Photo: Delays found in babies born 32-36 weeks
Moderate-to-late preterm babies are three times more likely to have language delays and delayed motor skills by the age of two, a study has found.

Premature babies born at 32-to-36 weeks are at greater risk of developmental and behavioural delays than previously thought, an Australian study has found.

Clinicians at Melbourne's Royal Women's Hospital assessed 200 babies born moderately-to-late preterm while in hospital and followed them up at two years of age, with a psychologist assessing the children's health, cognitive and behavioural development.

Researchers found that compared with full term (37 weeks-plus) healthy babies, babies born moderately-to-late preterm were:
  • three times more likely to have delays in their language development
  • three times more likely to have delays in the development of motor skills
  • twice as likely to have delays in cognitive development such as ability to perform tasks and follow directions
  • more likely to have difficulty coping in different social settings
It had been thought babies born between 31-to-36 weeks did not experience significant long-term problems associated with premature birth and most studies have focused on the very premature.

Lead researcher, Associate Professor Jeanie Cheong says while not all moderate-to-late preterm babies experience problems, even a small percentage of the 21,000 children born this early each year in Australia will have significant implications for both healthcare and education providers.
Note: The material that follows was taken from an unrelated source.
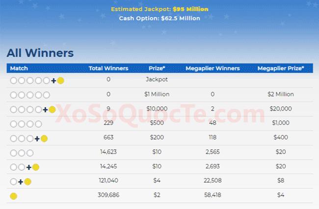 Thông tin chia sẻ trên blog này dành cho những bạn đọc yêu thích các giải thưởng xổ số quốc tế "nghìn tỷ" đang sinh sống tại các quốc gia cho phép dịch vụ mua hộ vé số quốc tế được phép hoạt động. Khi truy cập XoSoMy.com bạn đọc cần hiểu rằng thông tin trên website chỉ mang tính tham khảo từ những chia sẻ kinh nghiệm thực tiễn cá nhân của tác giả khi chơi xổ số quốc tế như Powerball, Mega Millions,...; Tác giả trang web XoSoMy.com không cung cấp dịch vụ mua hộ bất kỳ loại vé số quốc tế nào! Để mua vé số quốc tế bạn hãy tự chọn lựa cho mình một nhà cung cấp dịch vụ mua hộ đáng tin cậy trước khi tham gia cuộc chơi toàn cầu này!

"This research can assist parents in understanding why their child may be facing some additional challenges. But it is key that we undertake further research to understand whether these delays persist into school age and what early assistance can be provided to allow these premature babies to catch up to their peers," she said.

Ass Prof Cheong also said the research highlighted the importance of obstetricians working with women to delay delivery, where possible, until past 37 weeks.

The study is published in the Journal of the American Medical Association Pediatrics.